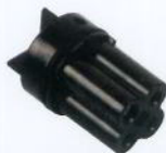
绝缘座块 Socket Interior 编号/Code: C32A 图号NO.: NF6.670.012
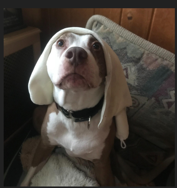
At his new home!
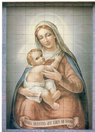
Original ceramic tableau of Our Lady of the Encounter in the Parish of San Andrés Apóstol in Villanueva de los Infantes

« In the same manner that no one comes to the Eternal Father except through the Son, nobody can approach Christ, the Son, but through Mary. Let us cultivate the devotion to Mary, let us turn to Mary in order to find God. God cannot be found but through the Lady that is the door, the pathway to God to enter the world of man and the entrance of man to the realm of God ». (23-5-1981).
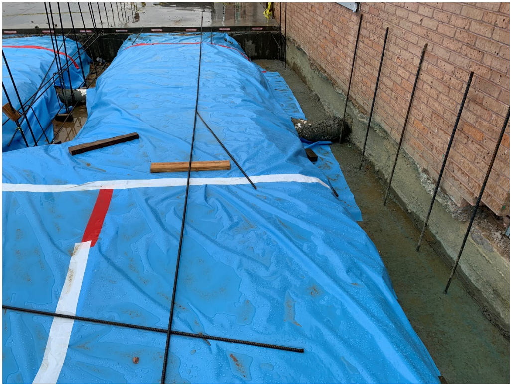
Figure 4 – Preparation for Slab Pour is ongoing
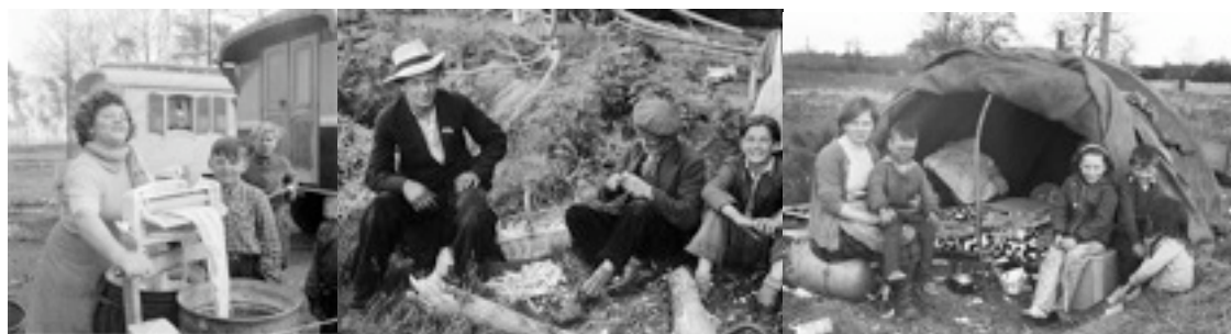
Gypsies and Travellers in Wales
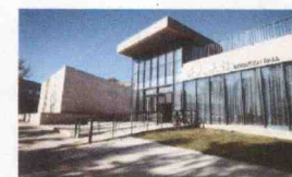
展馆 Exhibition hall
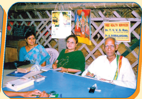
Homeo Clinic at Parnasala
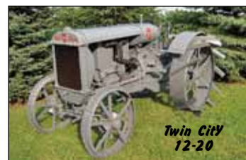
Twin City 12-20
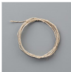
Linen Thread - 104199
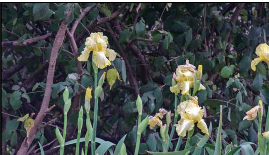
November 18th, Main Street in Brownville. How did they do this??
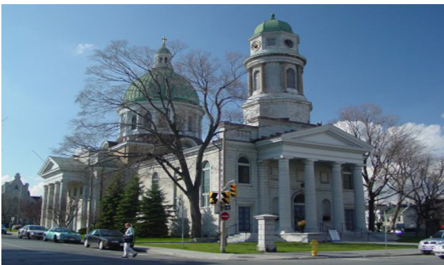
The St. George's Cathedral - Kingston Ontario

https://orderstgeorge.ca/kingston-investiture-2022/
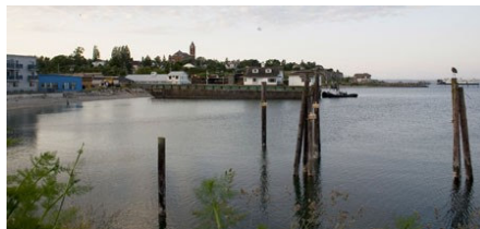
Two houses that were removed from lots in Victoria, B.C., were brought by barge to Port Townsend last week for delivery to new owners. The Canadian company that moved the houses, Nickel Brothers, specializes in moving buildings, and maintains an inventory of recycled houses and other buildings on its website.

Clear glass goes in one container, colored another.
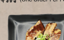
HARAMI MISO* 안창살 (Beef Skirt Steak)
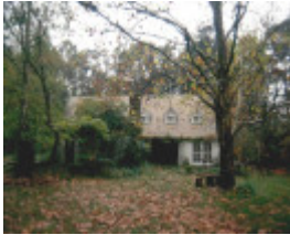
h02053 h2053 bv lynton lee june 2003
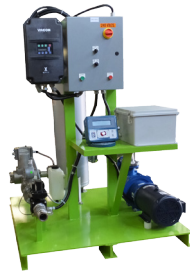
DEF Transfer & Packaging Systems
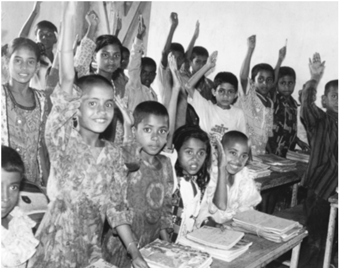
ABOVE: Thanks to a revolution in schooling practices through the IDEAL project, funded by the Australian Government since 1998, children – especially girls – are staying at school longer, and having a better chance in life.

In Pakistan female literacy rates in rural communities are as low as 2.4 per cent. For many girls, social and physical access to education remains a major problem. There are fewer schools for girls, fewer teachers to teach in girls schools, and sociocultural barriers that prevent the enrolment of girls.
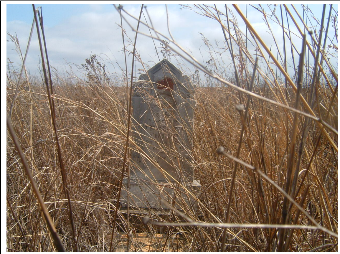
Figure 5- GY06 is a historical graveyard within the confines of a dolerite enclosure. It contains the remains of approximately five individuals (above).

GY07 is an informal graveyard on the edge of a maize field. It consists of approximately five piles of stone.
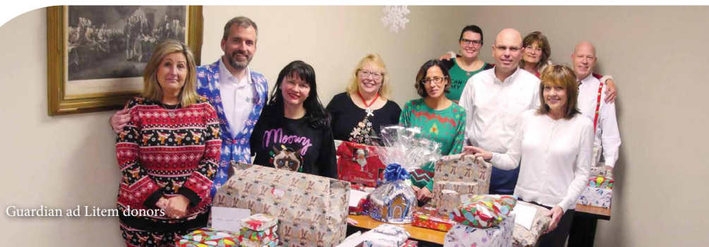
Guardian ad Litem donors

When you or your loved one is no longer able to live at home safely, our team is able to help you and your family make the correct health care, placement, legal and financial decisions. Please give us a call if you need help with your aging loved one.
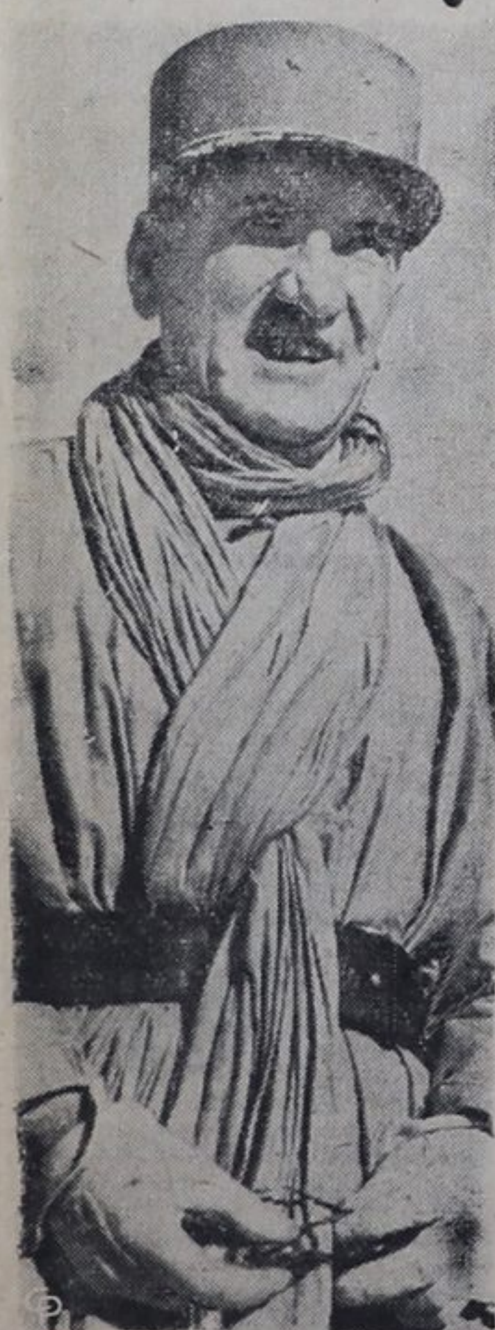
General Berthomet, ABOVE, is in charge of the "little Maginot line," key to French defence of Tunis. The centre of the strongly fortified line is at Mareth. After inspecting the fortifications, Premier Daladier answered Italian threats of aggression with the assertion France would not yield one inch of territory.
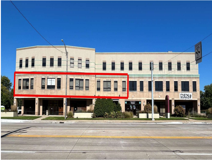
location of office
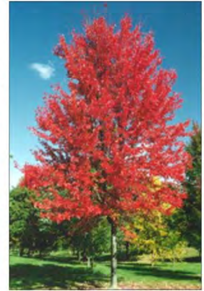
Acer rubrum 'Karpick'
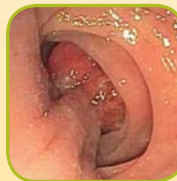
Polyp on Stalk
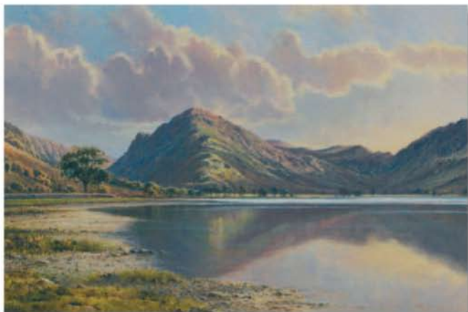
'THE STILL WATERS OF BUTTERMERE' 12" x 18" oil on board by DUNCAN PALMAR £1850.00
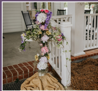
Seasonal Decorating & Sanctuary Flowers
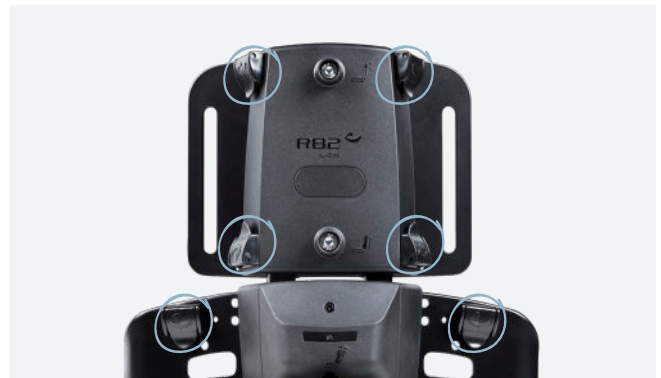
Fix locks at the lower back and upper back for mounting of vest.
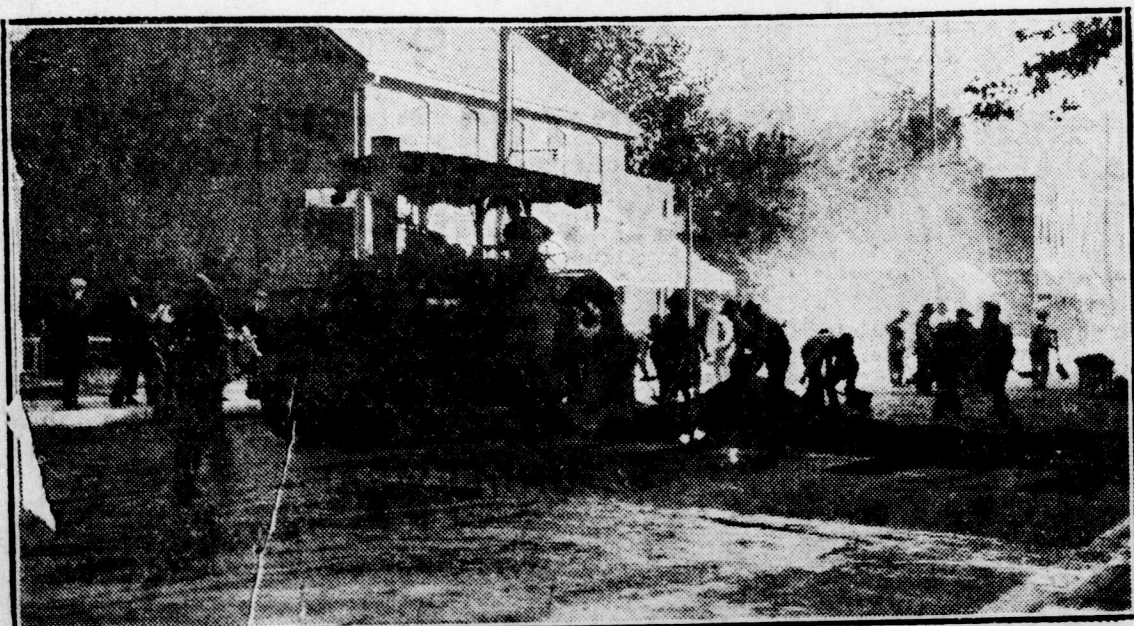
The recent paving of Elizabeth street, Barrie, Ontario, is a big improvement to the main highway from Toronto north, to Barrie, Orillia and Muskoka. The citizens held a street dance to celebrate the completion of the work
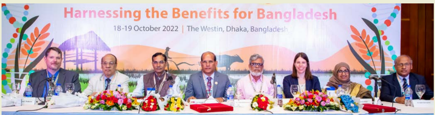
Guests and organizers at the Conference on Genome Editing in Plants: Harnessing the Benefits for Bangladesh (18 October 2022)
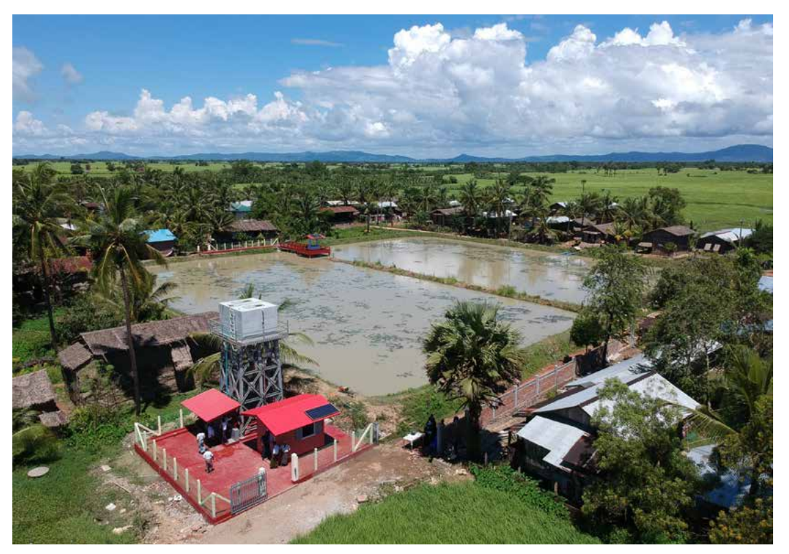
Pond rainwater harvesting in Mon State
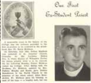
Our First Ex-Student Recruit
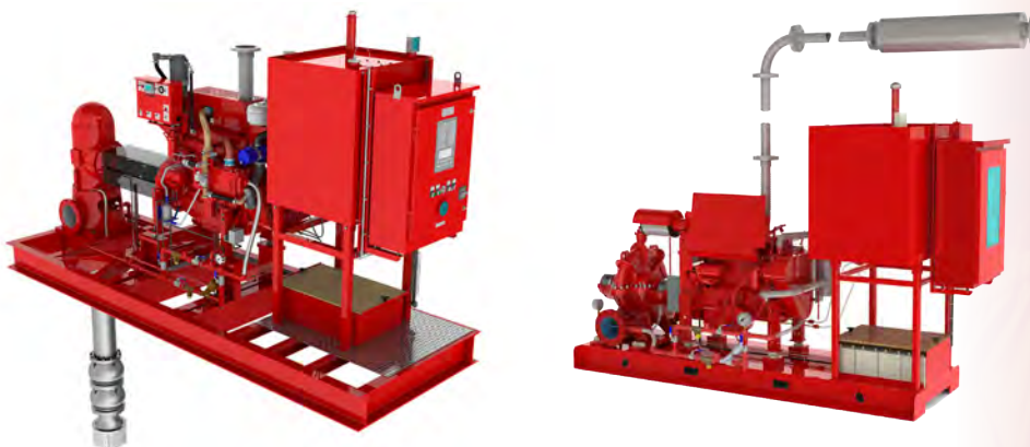
Typical Pump for an Offshore Rig

Every pump is subjected to a thorough inspection and a series of tests to ensure that it meets the required specifications before leaving the factory.
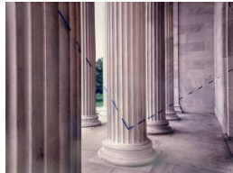
Title: Blue Right Angle, Albright Knox Gallery, Buffalo, New York (from the series Altered Landscapes ) Date: 1975 printed 1977 Primary Maker: John Pfahl Medium: Chromogenic print
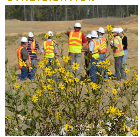
Stabilized: NCDOT addresses phases of construction to be sure areas do not exceed NCGO1 stabilization requirements.

The Department continues to evaluate products and techniques that will help stabilize erodible slopes that will be disturbed at a later date. Reduction in soil loss from these areas will aid in reducing turbidity levels at Stormwater Discharge outlets located throughout construction projects.
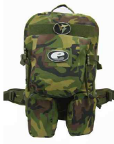
Medical Bag MD-001
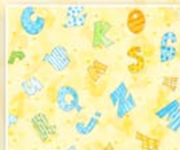
FABRIC G 29182-548 NQ: 1/4 YARD SQ: 1/2 YARD
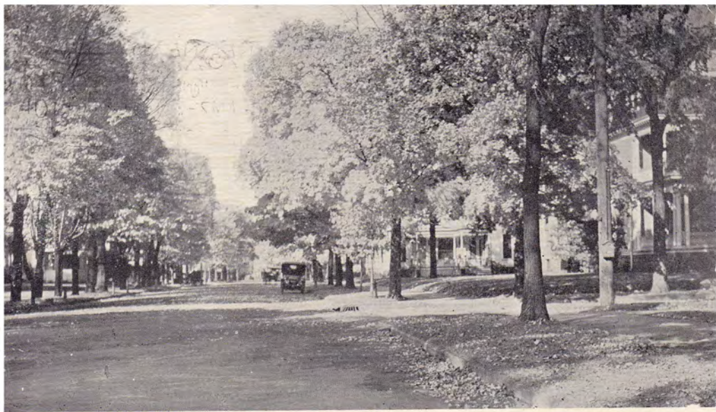
Main Street, Racine, Wis.
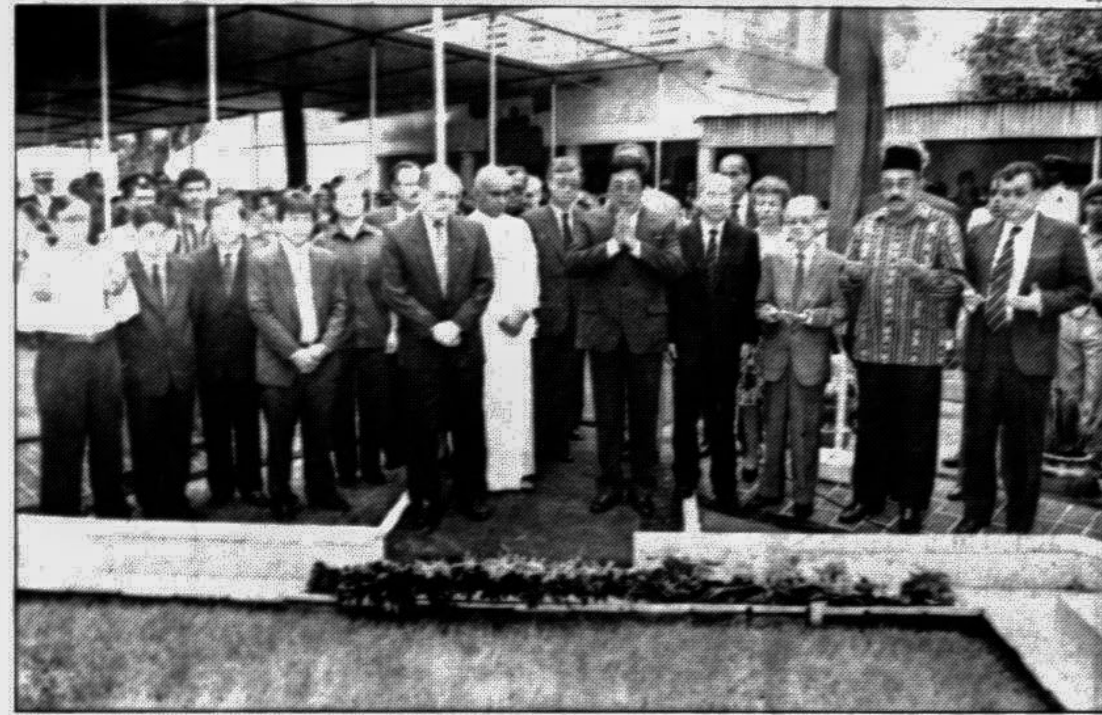
Foreign diplomats in Bangladesh placed wreaths at the mazar of Bangabandhu Sheikh Mujibur Rahman in observance of the National Mourning Day Thursday.

The organisations and educational institutions which observed the day included University of Chittagong, Chittagong Medical College, Bangladesh Boudha Kirti Prachar Sangha, Sheikh Russel Smriti Pathagar, Bangladesh Muktiyoddha Sangsad, Bangladesh Chhatra League, its different
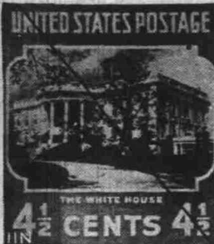
An engraved reproduction of the White House is the distinguishing feature of the new 4 1/2-cent stamp, latest of the series to be issued.
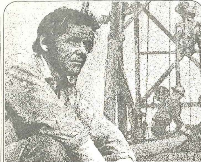
"Keep on tellin' me about the good life, Elton, because it makes me puke."
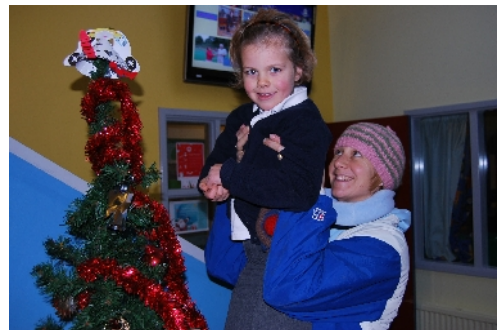
The Christmas Angel goes on top of the tree!

Happy Christmas and New Year from all the staff
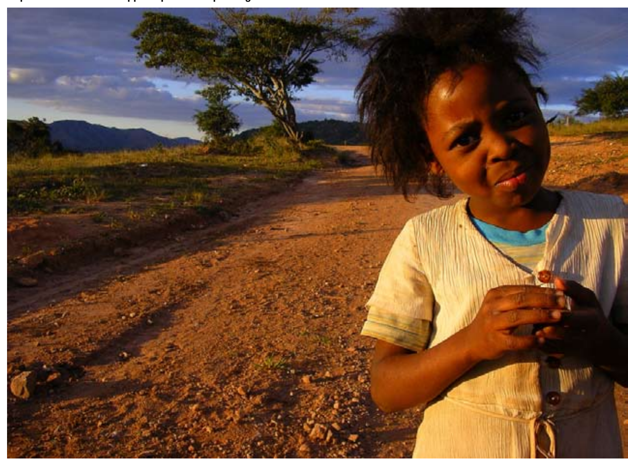
The extravagant spending of the royal family and its entourage together with the overblown military budget stand in stark contrast to the dire under-funding of the health and education sectors. Delayed Gratification

Repression has been stepped up with the passing of the new anti-terrorism law.
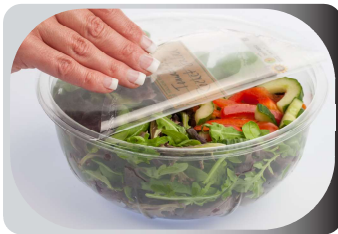
Sealable Peelable Films

▶ DESCRIPTION OF THE TASK
Report how many lines in the data include the word "goes", and give nothing but the count.

▶ FINAL ANSWER
2